I found your blog and took some time to read it. I am sorry that you are having such hard after effcts your WLS. I had no idea. I had spent years wishing I could find a way to afford the opration.
I just had no idea.
I hope you can find something to help you feel better and recover soon.
Amy B

thorswitch said...

Hi BamaGal!

I'm so sorry to read what a hard time you're having. I can't even begin to imagine the frustration.

I understand your comment about not wanting to take pain meds out of concern for possible addiction, but one thing I learned when I first started needing to take pain meds for my chronic pain is that if you don't take the pills except when you really need them and take them only as prescribed by your doctor, the odds of becoming addicted - even over the long term - are fairly low.
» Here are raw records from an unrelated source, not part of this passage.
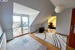 Schody prowadzą na II poziom gdzie znajduje się sypialnia, jest tam sporo przestrzeni pod skosami do wykorzystania np. pod garderobę.
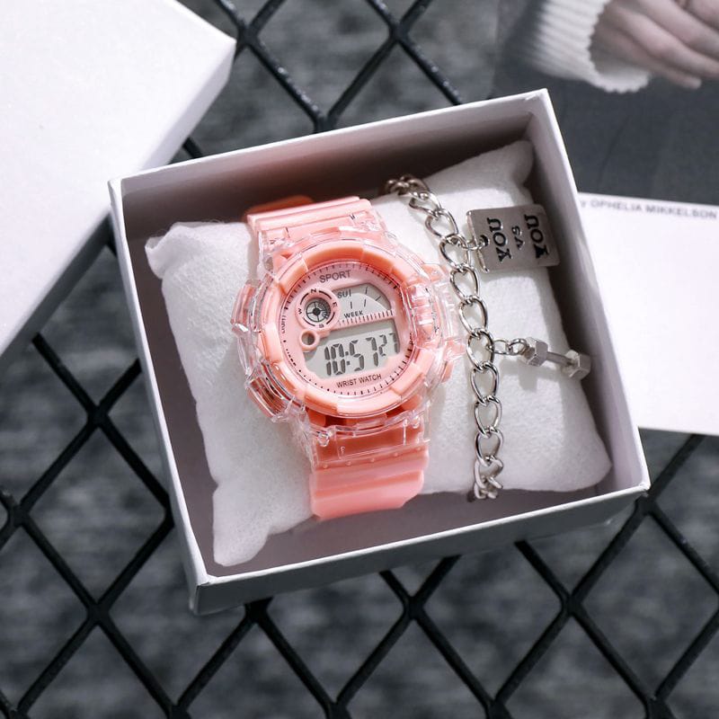 Make time management fun and fashionable with this Girls Sports Digital Watch, featuring a sleek transparent strap design and dual time display. This sporty watch is perfect for everyday use, with an easy-to-read digital display and comfortable fit, making it ideal for school, outdoor activities, and casual wear.
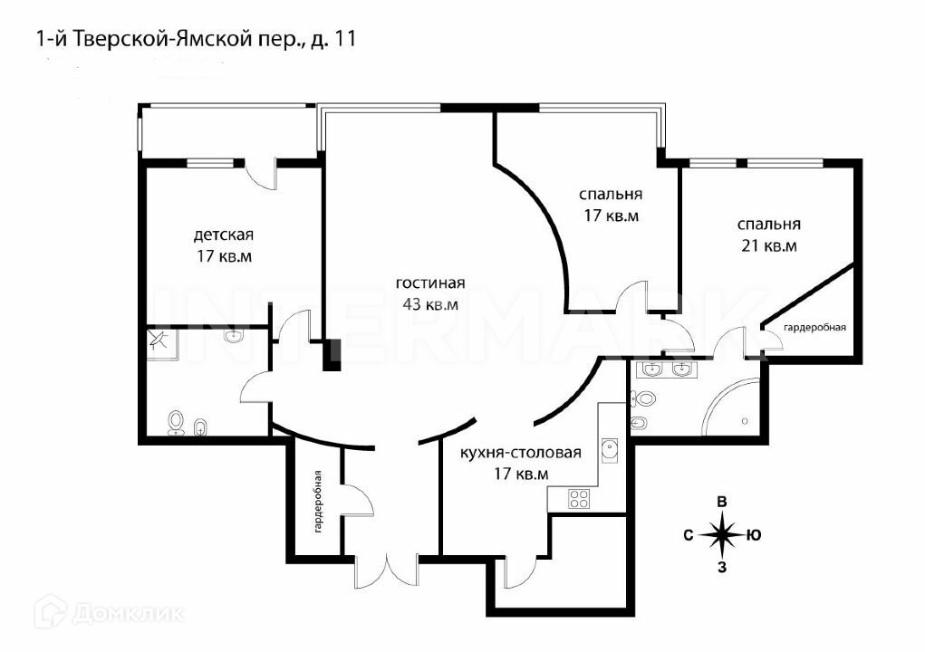 4-комнатная квартира, 145.7 м2, этаж 4 / 12, на продажу в Москве, 1-й Тверской-Ямской переулок, 11
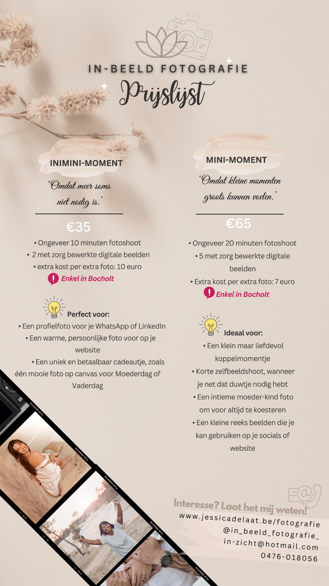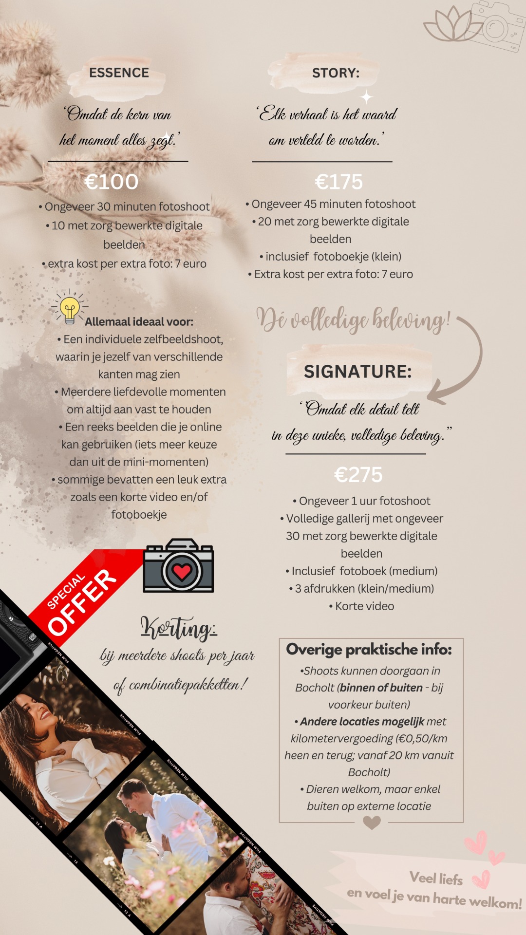• Kennis en ervaring: Al mijn jaren ervaring en creatieve oog zijn onderdeel van de shoot. Ik zie en leg momenten vast die jij misschien zelf niet zou opmerken.

Most often, addiction occurs when someone is given narcotic pain relievers for a short-term pain like a broken bone or recovering from surgery and winds up taking them even when they're not having a lot of pain; takes more during a day than the doctors has prescribed; keeps taking the pills until the prescription has run out, even if their pain has receded before then or any combination of the above. And that's where the problem comes in - taken them even when you're not in pain.

I hope you don't mind my writing about this to you - I just hate to see someone suffering from pain if they don't have to. And really, someone who's concerned about the possibility of addiction is someone who's going to take care not to over-use the medication and that's really the key.

In any event, I hope that you find some kind of relief! I'll keep you on my prayer list.